Long Context Didn't Kill Retrieval

“RAG is dead” is having another moment. The argument, compressed: frontier models now take a million tokens of context, so skip the retrieval pipeline, load the corpus into the window, and let attention sort it out. Chunking, embeddings, rerankers: 2023 artifacts, like prompt-injection-by-haiku.

I run retrieval research for a living, so discount me accordingly. But my objection is not sentimental, it is operational, and it fits in one sentence: context is a budget, not a backpack. Every token you put in the window is a purchase, and “buy everything” has never been a serious answer to any allocation question.

What a million tokens actually costs

Three costs scale with what you stuff in, and none of them show up in a demo.

Latency. Prefill compute scales with input length; time-to-first-token over a maximally packed window is measured in tens of seconds on current serving stacks. That is fine for a research assistant grinding a long document. It is disqualifying for anything with a user waiting, which is to say, most things. Under a 5-second P95 SLO, the million-token option does not exist, whatever the model card says.

Money. Input tokens are the cheap kind until you multiply them by every request. A packed window on every query is a standing tax of several dollars per call at frontier prices; agentic systems already burn 5-30x a chatbot’s tokens before anyone gets generous with context. Caching helps exactly when your context is static, and production knowledge is not static; that is the whole problem retrieval exists to manage.

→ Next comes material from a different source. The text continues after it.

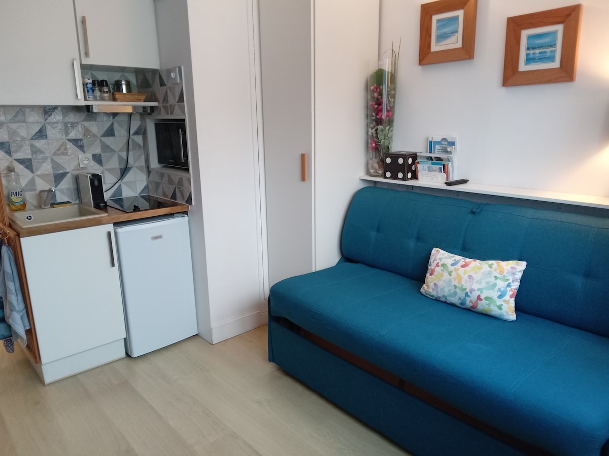 Beliggende på Pointe des Minimes, direkte mod havet og strandpromenaden, sydvendt, stille omgivelser, 400 m fra stranden og butikker. 1. og øverste etage i en lille bolig. MAKSIMAL KAPACITET 2 VOKSNE 28 m2 + 7 m2 soveområde, maksimal loftshøjde 1,65 m. Stue med 140 sovesofa. Stort buet vindue med rækværk for at nyde udsigten. - For at komme til den gamle havn, bus 200 m væk og flodbus 600 m væk. Cykelstier. LANGVARIGT OPHOLD MULIGT på anmodning, afhængigt af tilgængelighed.

Attention. “Effective context” still lags advertised context. Needle-in-haystack benchmarks are the easy case (the needle is verbatim); position effects and distractor sensitivity persist on realistic tasks, and irrelevant-but-plausible text is not neutral filler, it is interference. More context is not monotonically more signal. Past the relevant set, it is noise you paid for.

The operating question: latency and cost rise with context size while marginal answer quality flattens once the relevant evidence is in. The right operating point is a budget decision under your SLO, not a maximum. Illustrative shape.

What long context actually killed

Here is the concession, because the “RAG is dead” crowd is half right. Long context killed bad retrieval. The 2023 pipeline, fixed-size chunks, one embedding model, top-5 cosine similarity, pray, existed to squeeze evidence through a 4K window. That constraint is gone, and with it every argument for retrieval that was really just window management. If your retrieval’s job was rationing, it is unemployed.

What survives is retrieval’s real job: selection under a budget. Given this query, this SLO, this price, which evidence earns its place in the window? Sometimes the answer is five passages. Sometimes it is two hundred pages, because the task is genuinely a whole-document synthesis and the user will wait. The point is that it is a decision, per query, and making it well is worth real money: in SAGE we found nearly half of production-shaped queries were fully served by five passages or fewer, and deciding when to go deep held a 95% latency SLO at 49% of the fixed pipeline’s cost. The million-token window makes that decision space wider, and a wider decision space raises the value of deciding well. That is the opposite of dead.

The synthesis position, which will sound obvious in two years: long context and retrieval are not rivals, they are a memory hierarchy. Window as RAM, corpus as disk, retrieval as the paging policy. Nobody responded to cheap RAM by declaring the file system dead; they built better caches and kept the hierarchy. The teams treating context that way, budgeted, tiered, measured at the percentile, are quietly beating both purist camps on every metric that reaches an invoice.

Retrieval is dead. Long live allocation.